== Work task ==
For the material below, the expected output is exactly the lines between the line holding "正品瑞士手表男士机械表超薄防水夜光真皮带全自动石英钢带黑武士" and the line holding "ими графы таблицы.", inclusive, with pictures left out.

== Entries provided ==
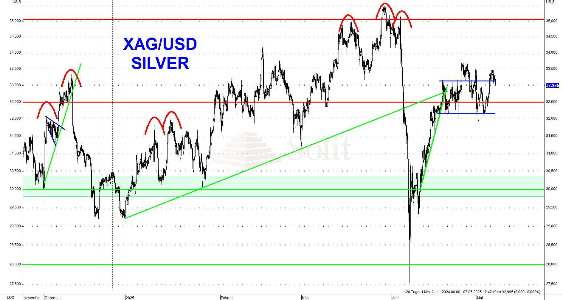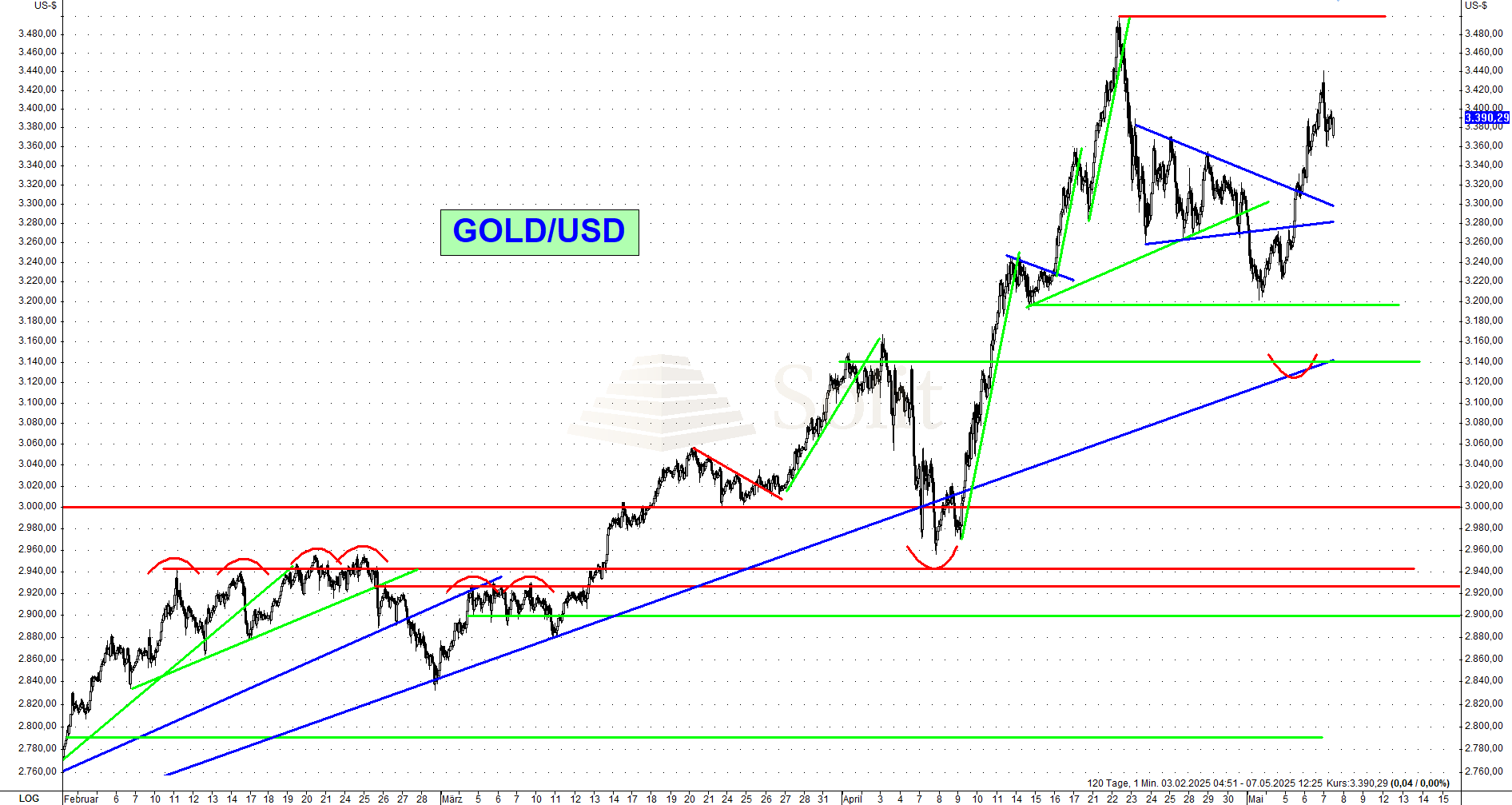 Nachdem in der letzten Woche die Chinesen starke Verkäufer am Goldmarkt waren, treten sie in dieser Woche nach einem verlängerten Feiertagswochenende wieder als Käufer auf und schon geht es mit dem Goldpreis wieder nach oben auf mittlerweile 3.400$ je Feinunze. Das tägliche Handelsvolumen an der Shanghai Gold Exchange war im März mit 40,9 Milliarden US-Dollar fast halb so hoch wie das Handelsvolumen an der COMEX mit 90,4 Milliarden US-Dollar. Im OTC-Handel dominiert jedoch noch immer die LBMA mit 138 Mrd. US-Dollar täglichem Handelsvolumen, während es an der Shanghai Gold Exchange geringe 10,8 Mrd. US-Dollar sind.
==
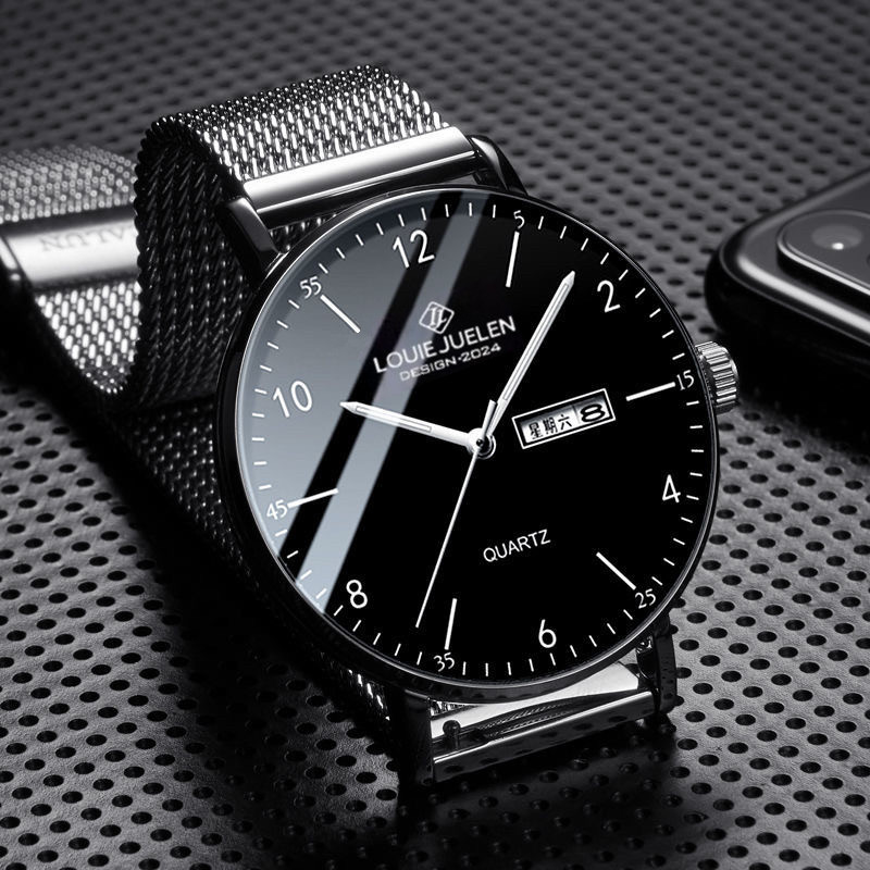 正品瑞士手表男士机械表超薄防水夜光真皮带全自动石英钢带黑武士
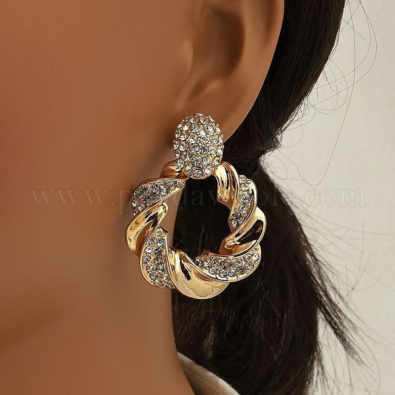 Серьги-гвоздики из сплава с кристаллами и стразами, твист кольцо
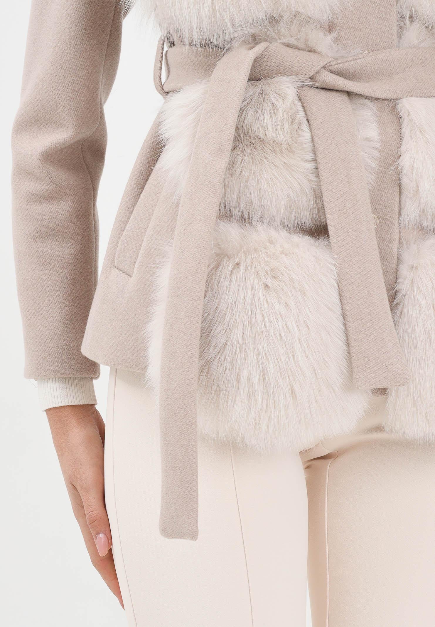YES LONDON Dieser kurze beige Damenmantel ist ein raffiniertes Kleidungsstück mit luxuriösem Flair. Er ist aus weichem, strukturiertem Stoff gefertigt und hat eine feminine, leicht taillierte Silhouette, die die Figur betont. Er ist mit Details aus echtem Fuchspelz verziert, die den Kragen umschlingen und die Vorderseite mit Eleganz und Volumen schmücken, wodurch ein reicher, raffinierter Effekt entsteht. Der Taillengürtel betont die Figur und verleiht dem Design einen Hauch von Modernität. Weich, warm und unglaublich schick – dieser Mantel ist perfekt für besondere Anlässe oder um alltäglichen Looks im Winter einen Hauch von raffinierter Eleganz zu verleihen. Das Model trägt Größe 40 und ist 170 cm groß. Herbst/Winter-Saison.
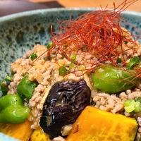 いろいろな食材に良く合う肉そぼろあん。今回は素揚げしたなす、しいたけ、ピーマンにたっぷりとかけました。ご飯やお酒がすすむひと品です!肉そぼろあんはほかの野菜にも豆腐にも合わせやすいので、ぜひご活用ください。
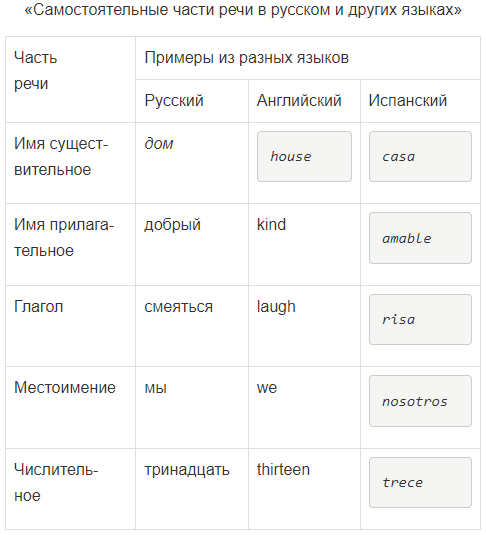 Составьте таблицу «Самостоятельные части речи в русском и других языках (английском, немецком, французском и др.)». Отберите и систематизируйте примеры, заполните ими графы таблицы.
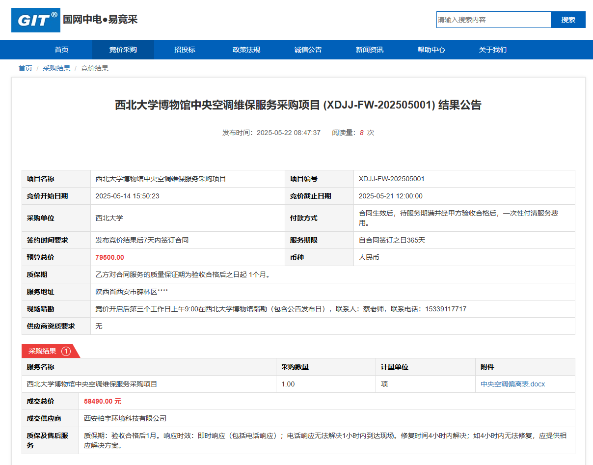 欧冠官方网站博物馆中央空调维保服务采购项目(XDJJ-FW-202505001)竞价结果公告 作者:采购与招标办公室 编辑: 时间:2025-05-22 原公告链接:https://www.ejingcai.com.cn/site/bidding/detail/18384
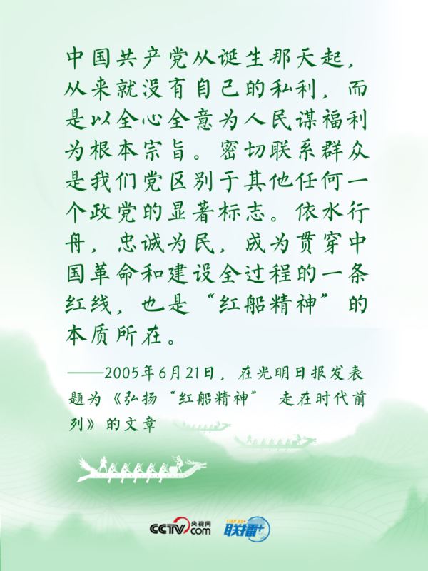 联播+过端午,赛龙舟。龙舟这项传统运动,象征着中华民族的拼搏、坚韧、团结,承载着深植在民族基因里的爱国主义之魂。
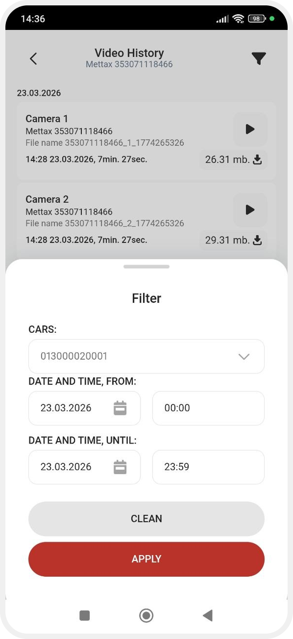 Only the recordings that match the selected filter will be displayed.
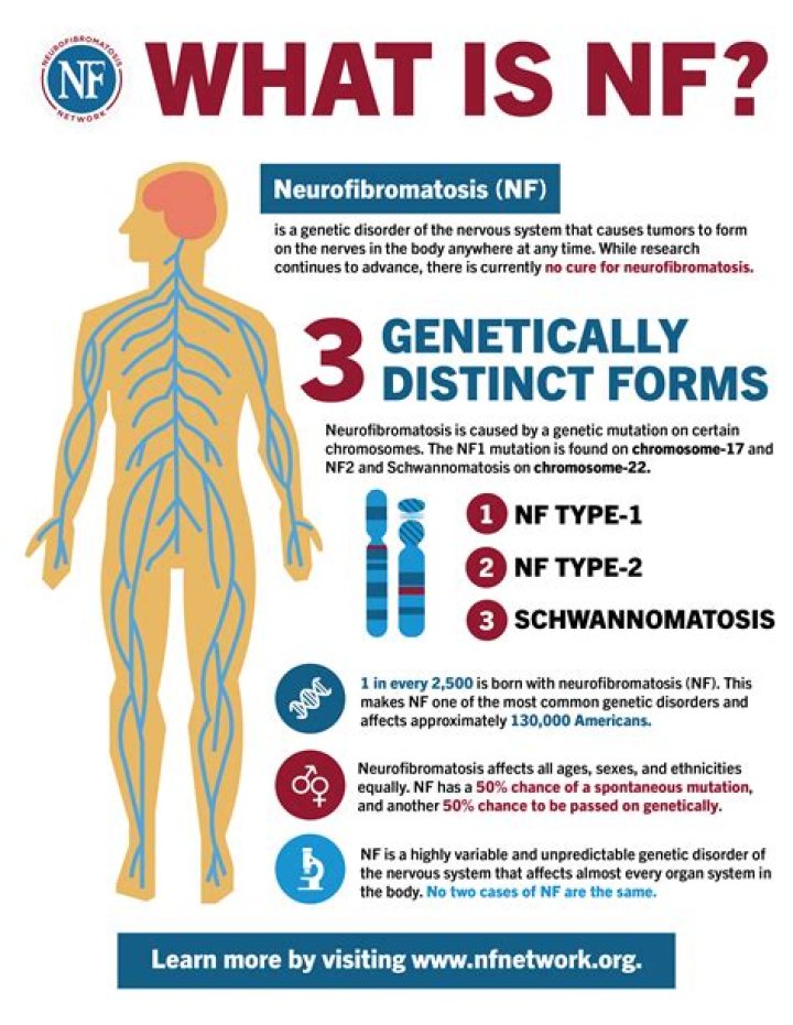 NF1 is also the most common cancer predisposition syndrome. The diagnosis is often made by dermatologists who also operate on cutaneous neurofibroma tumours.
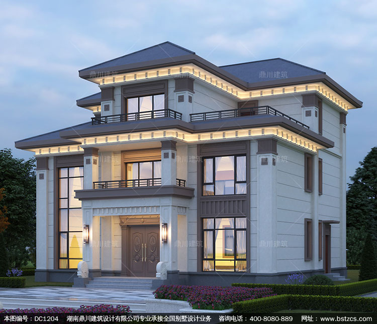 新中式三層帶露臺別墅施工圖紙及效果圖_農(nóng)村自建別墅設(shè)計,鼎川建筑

== Task response ==
 正品瑞士手表男士机械表超薄防水夜光真皮带全自动石英钢带黑武士
 Серьги-гвоздики из сплава с кристаллами и стразами, твист кольцо
YES LONDON Dieser kurze beige Damenmantel ist ein raffiniertes Kleidungsstück mit luxuriösem Flair. Er ist aus weichem, strukturiertem Stoff gefertigt und hat eine feminine, leicht taillierte Silhouette, die die Figur betont. Er ist mit Details aus echtem Fuchspelz verziert, die den Kragen umschlingen und die Vorderseite mit Eleganz und Volumen schmücken, wodurch ein reicher, raffinierter Effekt entsteht. Der Taillengürtel betont die Figur und verleiht dem Design einen Hauch von Modernität. Weich, warm und unglaublich schick – dieser Mantel ist perfekt für besondere Anlässe oder um alltäglichen Looks im Winter einen Hauch von raffinierter Eleganz zu verleihen. Das Model trägt Größe 40 und ist 170 cm groß. Herbst/Winter-Saison.
 いろいろな食材に良く合う肉そぼろあん。今回は素揚げしたなす、しいたけ、ピーマンにたっぷりとかけました。ご飯やお酒がすすむひと品です!肉そぼろあんはほかの野菜にも豆腐にも合わせやすいので、ぜひご活用ください。
 Составьте таблицу «Самостоятельные части речи в русском и других языках (английском, немецком, французском и др.)». Отберите и систематизируйте примеры, заполните ими графы таблицы.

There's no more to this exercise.